Feb. 8, 2008 -- Drinking two cups of beet juice a day may reduce blood pressure, a study shows.
The British researchers who conducted the study say the findings add even more weight to the importance of eating a diet rich in fruits and vegetables.
That's because beets (known as beetroot in Britain) are loaded with the nutrient nitrate. Spinach, lettuce, and other green, leafy vegetables also have high levels of nitrate.
Previous studies have shown that eating a diet high in fruits and vegetables lowers blood pressure.
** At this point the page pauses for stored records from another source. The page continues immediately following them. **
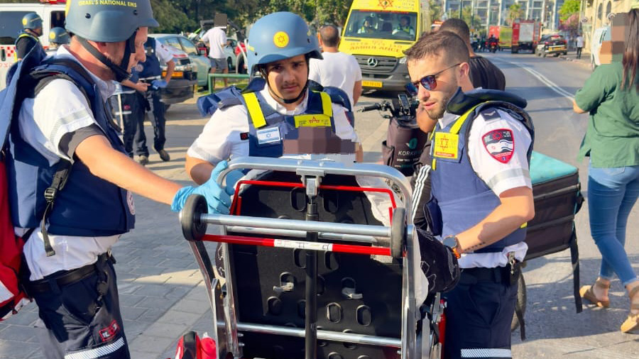 Les ambulanciers et paramédics du Maguen David Adom prodiguent des soins et évacuent vers les hôpitaux deux personnes en état sérieux — un homme d’environ 80 ans et une femme de 70 ans — ainsi que 30 personnes en état léger, souffrant de blessures par explosion et éclats. D’autres équipes assurent les soins à plusieurs blessés sur différents sites.
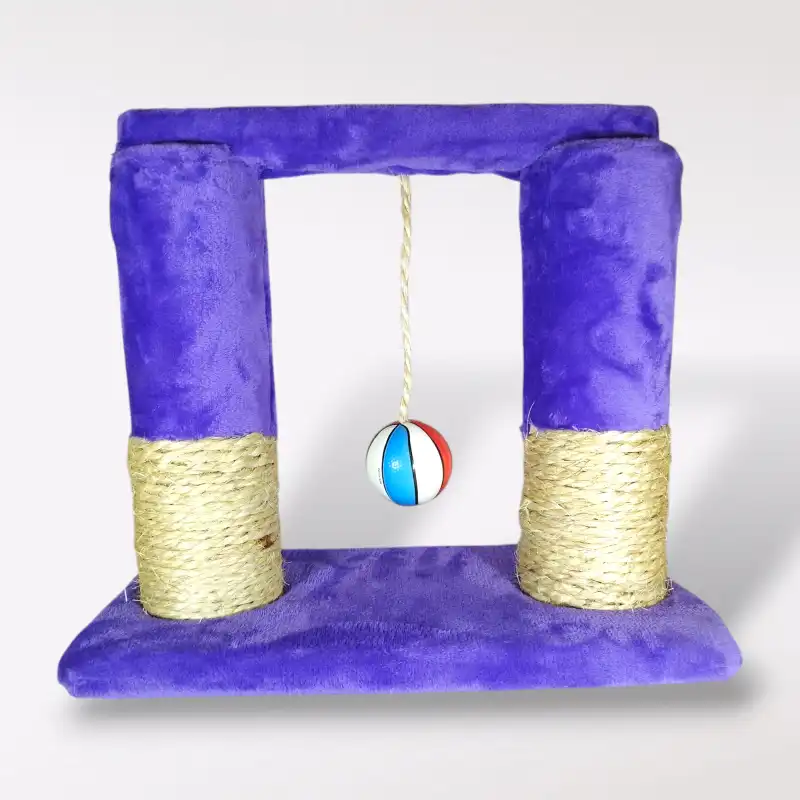 Este estético y divertido rascador tipo arco, diseñado especialmente para que tu gatito pueda jugar y relajarse mientras entretiene sus garritas lejos de tus sillones y otros muebles. Fabricado con materiales como madera, esponja, henequén y tela polar suave, este rascador no solo es resistente, sino que también es un atractivo complemento para tu hogar. El color morado vibrante añade un toque de estilo, mientras que la pelotita colgante satisface el instinto natural de cazar de tu felino. Con unas medidas de 33x40x20cm, es el refugio ideal para cualquier gato que necesite entretenimiento y libertad para rasguñar.
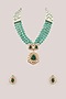 Featuring a gold finish long necklace studded with pearls, kundan polki and emerald stones, set in 92.5 sterling silver. It is paired with a matching pair of earrings. Add a touch of sparkle to your ensemble, perfect for wedding ceremonies or festive celebrations.
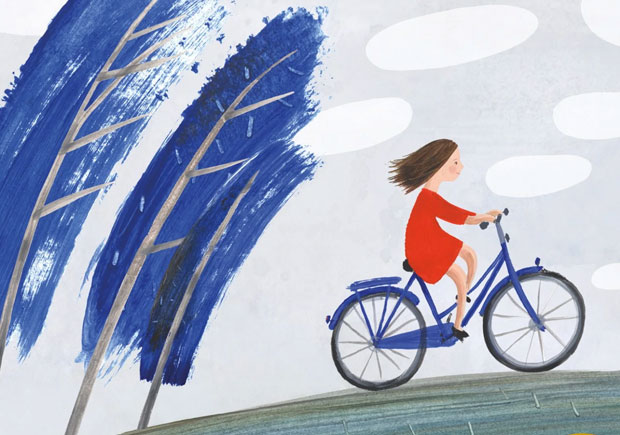 As ilustrações desempenham um papel crucial, ampliando o significado do texto. São coloridas, expressivas e plenas de movimento, aludindo a um diálogo vivo entre imagem e texto, impedido que o leitor se esqueça do grande protagonista do livro – o vento -, que ganha visibilidade de diferentes formas: as folhas voam, os cabelos ficam despenteados, as nuvens são empurradas pelo céu, as pás do moinho giram com força, os hydroptère – embarcações à vela – tornam-se ainda mais rápidos.
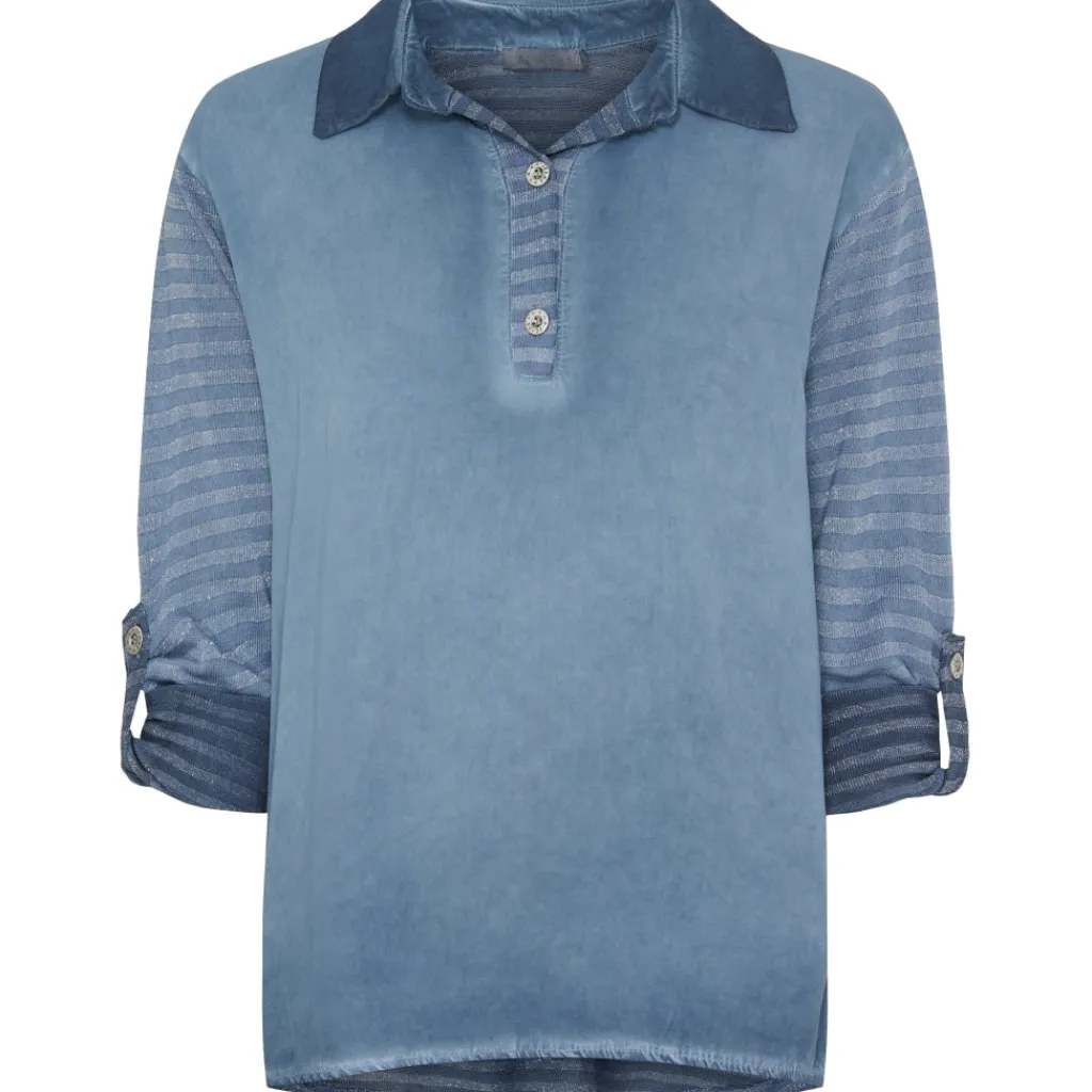 Smart bluse med glimmerdetaljer og ærmer der kan foldes op.

Antioxidants often get the credit, but several recent studies have suggested that nitrates may play a much bigger role. How nitrates work to lower blood pressure has been more of mystery.
How Nitrates May Lower Blood Pressure
In the study, 14 healthy volunteers drank 500 milliliters (2 cups) of Planet Organic beet juice or water within 30 minutes. The researchers checked the participants' blood pressure every 15 minutes one hour before they drank the juice and every 15 minutes three hours after drinking the beet juice. They also checked every hour to six hours and then at 24 hours after they drank the beet juice.
Compared with the water drinkers, blood pressure dropped one hour after the volunteers drank the beet juice. It reached its lowest point 2.5 to 3 hours after ingestion and continued to have an effect for up to 24 hours.
Here's how it works: Nitrate in the beet juice is converted by bacteria living on the tongue into the chemical nitrite. Once it enters the stomach, it becomes nitric oxide or re-enters the blood stream as nitrite. The researchers found that blood pressure was at its lowest when the nitrite levels in the blood were at their highest.
The nitrites, the researchers write, work by protecting against endothelial dysfunction, which means that blood vessels have trouble expanding or contracting to handle changes in blood flow. They also have anti-platelet properties.
"Our research suggests that drinking beetroot juice, or consuming other nitrate-rich vegetables, might be a simple way to maintain a healthy cardiovascular system, and might also be an additional approach that one could take in the modern-day battle against rising blood pressure," says Amrita Ahluwalia, PhD, one of the study's researchers. Ahluwalia is a professor at the William Harvey Research Institute at Barts and The London School of Medicine.
The study is published in the Feb. 4 online edition of the journal Hypertension.